1. Situation Initiale (SI) :
la situation est équilibrée, c'est à dire qu'elle n'a aucune raison d'évoluer.
cette situation peut être négative ou positive :
  • quand elle est négative, on la considère comme équilibrée car les personnages ne semblent pas prêts à réagir contre elle
  • quand elle est positive, tout va bien et rien ne justifie qu'elle évolue.


2. Déclenchement de l'action (Décl. A) :
  • lorsque la SI est positive, c'est l'apparition d'un problème, d'une difficulté, d'un manque que les personnages vont chercher à résoudre
  • lorsque la SI est négative, c'est ce qui pousse les personnages à décider d'agir contre le problème qui les opprime.

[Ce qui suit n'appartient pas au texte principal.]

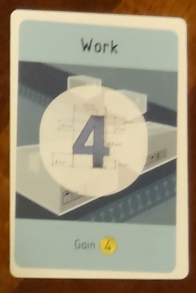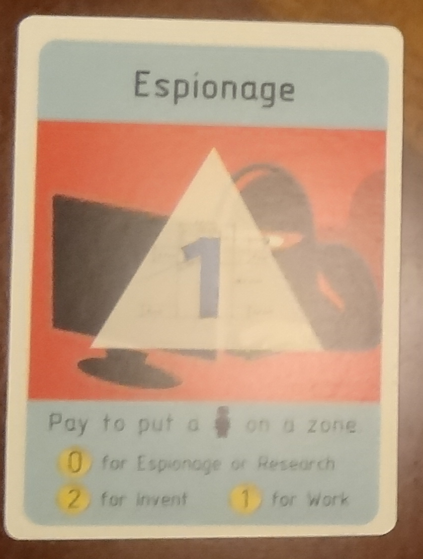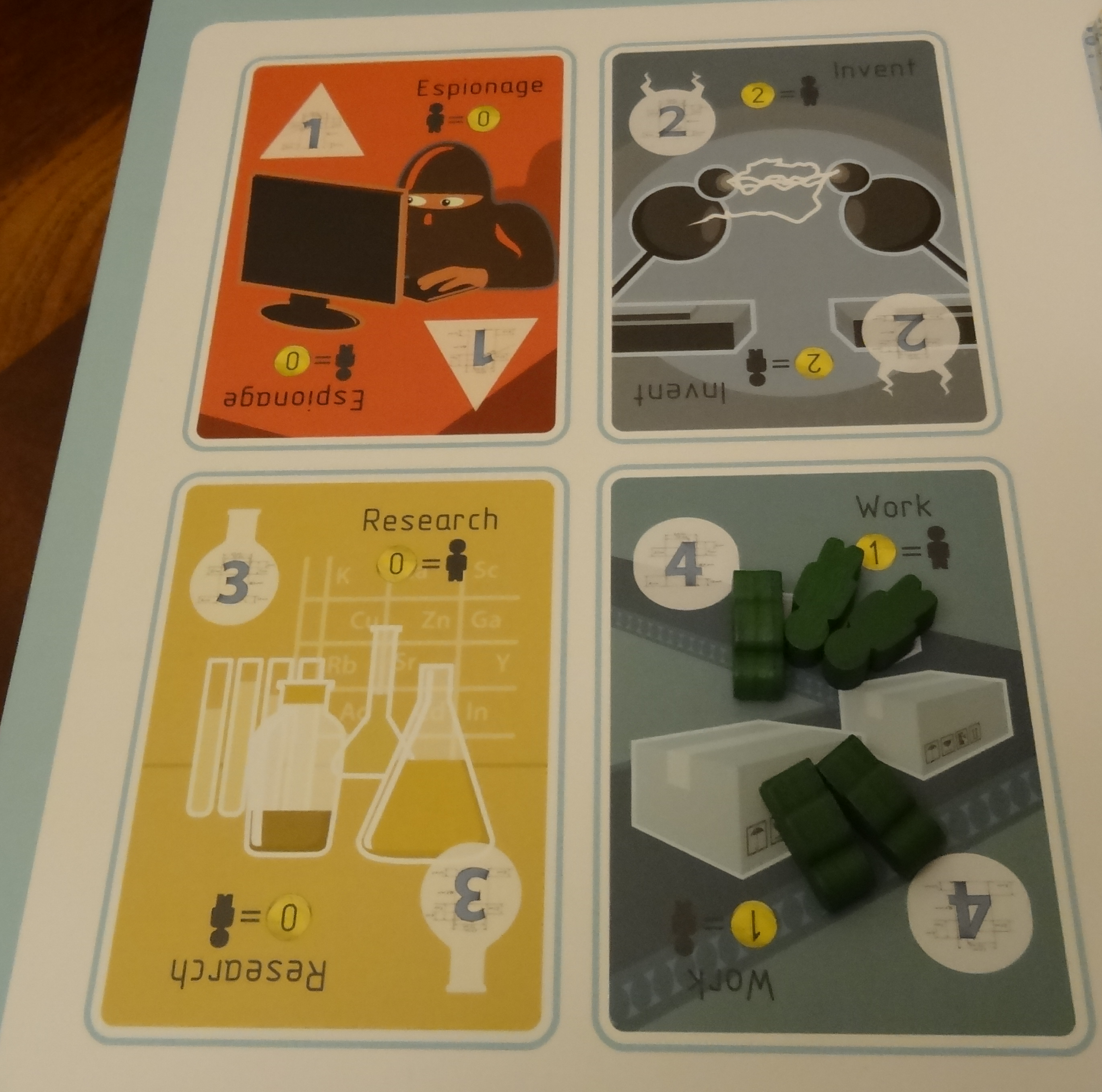 The four actions you can take on a turn are Work, Research, Invent, and Espionage.
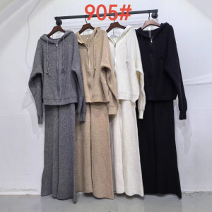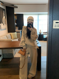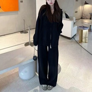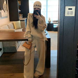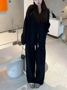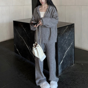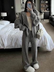 韩系纯色毛衣外套+针织阔腿裤套装女2025秋冬慵懒风减龄两件套
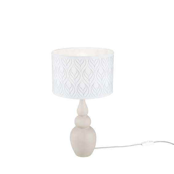 Керамическое основание. Абажур из ПВХ покрыт льняной тканью с узором.
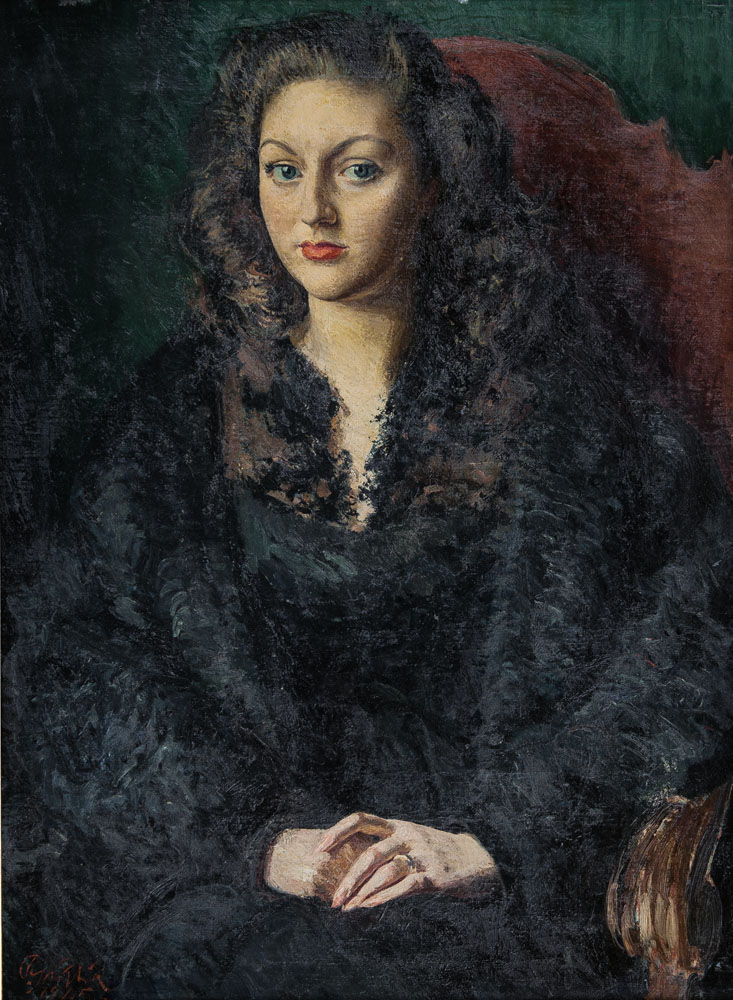 GHIGLIA PAULO Firenze 1905 - Roma 1979Ragazza in poltrona, 1945olio su tela...

Cette étape du récit est aussi appelée "Modification" ou "Élément perturbateur"

3. Action (A) :
c'est ce que les personnages entreprennent pour faire disparaître le problème, la difficulté, le manque qu'ils combattent
L'action comporte en général plusieurs phases (étapes intermédiaires ou "péripéties")

4. Solution (Sol.) :
le problème, la difficulté "disparaît", le manque "est comblé" : il (elle) est résolu(e).
cette étape du récit est aussi appelée "Résolution" ou "Retour à l'équilibre"

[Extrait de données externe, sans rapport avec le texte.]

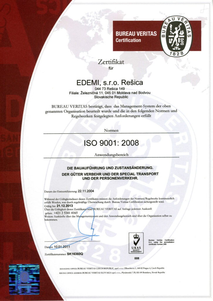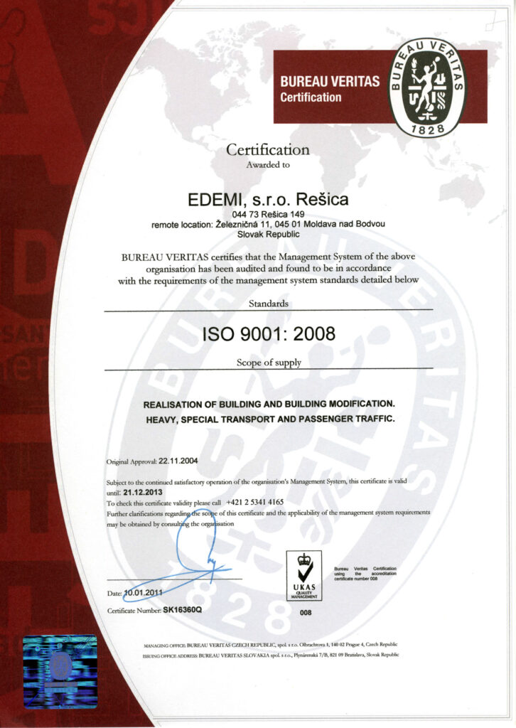 Spoločnosť EDEMI, s.r.o. Rešica má zavedený systém manažérstva kvality (SMK) podľa medzinárodného štandardu ISO 9001 : 2008 / EN ISO 9001 : 2008, ktorý certifikovala renomovaná certifikačná spoločnosť Bureau Veritas Certification Slovakia, spol. s r.o.. Certifikácia je pre uskutočňovanie stavieb a ich zmien a nákladnú, špeciálnu prepravu a osobnú prepravu.
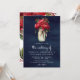 Invitación Red Peony Floral Mason Jar QR Code Blue Boda
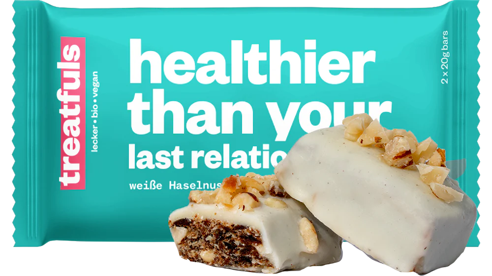 Bio-Haselnuss-Cashewkerne-Riegel mit weißem Reis-Kokos-Überzug. mit Süßungsmittel. (2 x 20g). ZUTATEN: Dattel*, HASELNUSS* (18%), Hafermehl (glutenfrei), Reis-Kokos-Überzug* (9%): [Kakaobutter*,**, Reisdrinkpulver*(Reis*, Sonnenblumenöl*), Kokosnussmilchpulver*, Süßungsmittel: Erythrit*, Orangenpulver* (Orangensaftkonzentrat*, Reismehl*)], geröstete CASHEWKERNE* (8%), Mandel*, Meersalz, Vanille*. Kann Spuren von Gluten, Eiern, Milch, Erdnüssen, Schalenfrüchten, Sulfiten, Sesam und/oder daraus hergestellten Produkten enthalten. Trocken lagern und vor Wärme schützen.

5. Situation Finale (SF) :
la situation est équilibrée comme la Situation Initiale, mais il y a eu des transformations.
souvent, la Situation Finale n'est pas totalement positive : le problème qui a disparu a laissé la place à un nouveau problème, qui peut être un "résidu" du problème initial. Cela permet d'enchaîner une nouvelle séquence, construite autour du problème qu'il reste à résoudre.


3/ LE SCHÉMA ACTANTIEL
A. Caractéristiques principales :
  • il ne suit pas l'histoire dans l'ordre chronologique
  • il s'intéresse aux forces en présence dans l'histoire, c'est à dire principalement à ce qui pousse, aide ou contrarie les personnages principaux dans leurs actions


B. Composants
VOIR LA REPRÉSENTATION graphique
On distingue six ensembles de forces ; chacun de ces ensembles comporte zéro, un ou plusieurs éléments.

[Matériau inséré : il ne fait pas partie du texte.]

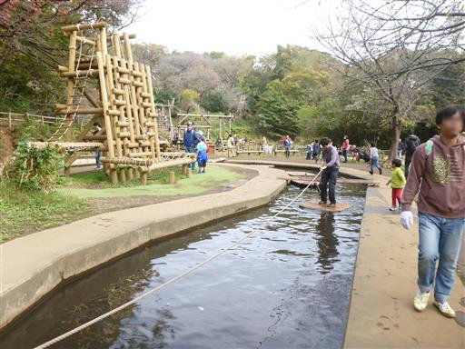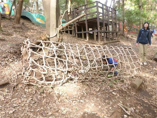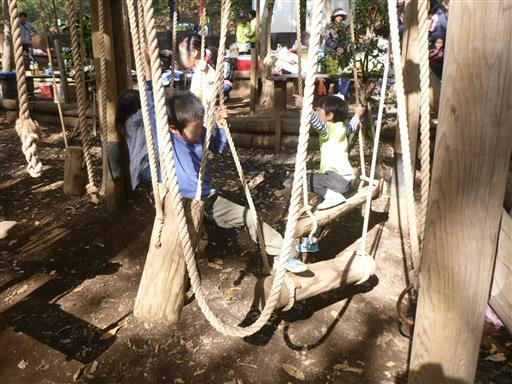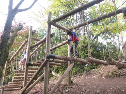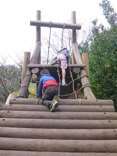 着替えをしている間、子供たちはアスレチックを先に進む。
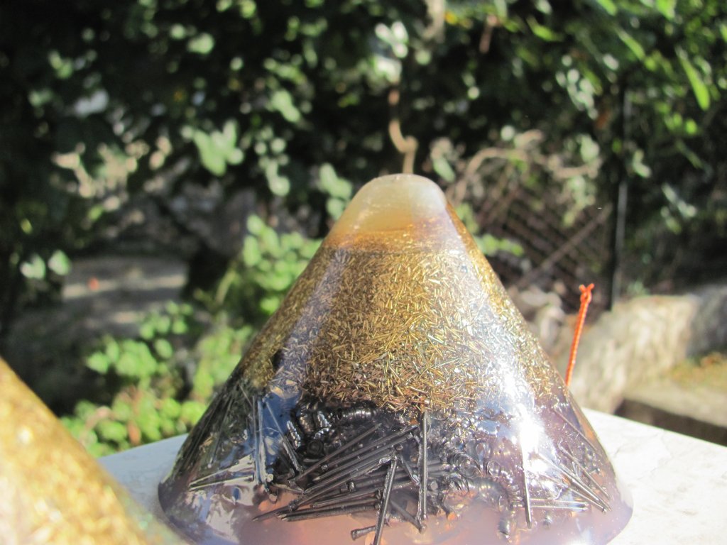 Nabavio sam koktel čaše i naumio da napravim svoje prve plastične HHG-ove, ali s dva extra dodatka: kristalom na vrhu stožca i s špicama gorskog kristala oko kojih je namotana tzv. Mobius zavojnica koja se spaja na zapper te energizira kristal i cijeli HHG pojačavajući njegovo djelovanje. Malo ambiciozno za prve HHG-ove od poliestera, ali s obzirom na 'jaku konkurenciju' ekipe s foruma, a i s obzirom na višemjesečno iskustvo u izradi orgonita, smatrao sam da sam dorastao zadataku, što se naposljetku pokazalo istinitim.
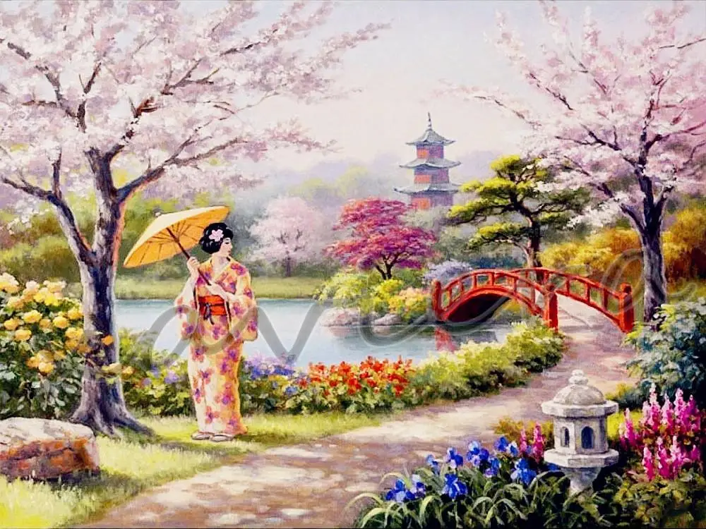 Полноразмерная Алмазная картина сделай сам, японский картон, Сакура...

Ces éléments sont souvent des personnages, mais peuvent aussi être des idées (un idéal pousse quelqu'un à agir, par ex.) ou des sentiments (la peur peut empêcher quelqu'un d'agir), etc.

a. le SUJET :
c'est un personnage
il doit accomplir une «mission»
celle-ci consiste à parvenir à l'élimination d'un problème, d'une difficulté, d'un manque (récupérer un objet, accomplir une action particulière).

b. l'OBJET :
c'est ce que cherche à obtenir précisément le sujet
cela peut être un réel objet (objet magique, par exemple)
mais ce peut être aussi moins concret (le pouvoir, par ex)

c. le DESTINATEUR :
c'est ce qui pousse le sujet à agir ; il apparaît donc plutôt au début de la mission.
ce peut être un personnage (dans ce cas, par ex., il envoie le sujet en mission).
mais ce peut être aussi une chose, un sentiment, une idée (le désir d'être reconnu par ex.), etc.

d. le DESTINATAIRE :
c'est celui, celle, ceux en faveur de qui la mission doit être accomplie ; il est donc mis en valeur plutôt à la fin de la mission.
l'objet recherché par le sujet peut par exemple être offert par le sujet au(x) destinataire(s) ; mais le(s) destinataire(s) peu(ven)t aussi en profiter comme d'un bien commun (ex. la famille du sujet)
le destinataire peut être le sujet lui-même, mais nouvellement enrichi par la possession de cet objet.

e. les OPPOSANTS :
c'est tout ce qui entrave la progression du sujet dans l'accomplissement de sa mission
ils peuvent prendre la forme de personnages hostiles, mais aussi de n'importe quel obstacle entravant le sujet, alors qu'il cherche à accomplir sa mission ; celui-ci s'efforce de surmonter ces obstacles.

f. les AUXILIAIRES (ou les ADJUVANTS) :
c'est tout ce qui vient aider le sujet à accomplir sa mission
ils peuvent prendre la forme de personnages amicaux ou simplement favorables (volontairement ou non), mais aussi de n'importe quel élément favorisant l'action du sujet, alors qu'il cherche à accomplir sa mission ; celui-ci bénéficie de l'aide apportée par ces personnages ou ces éléments.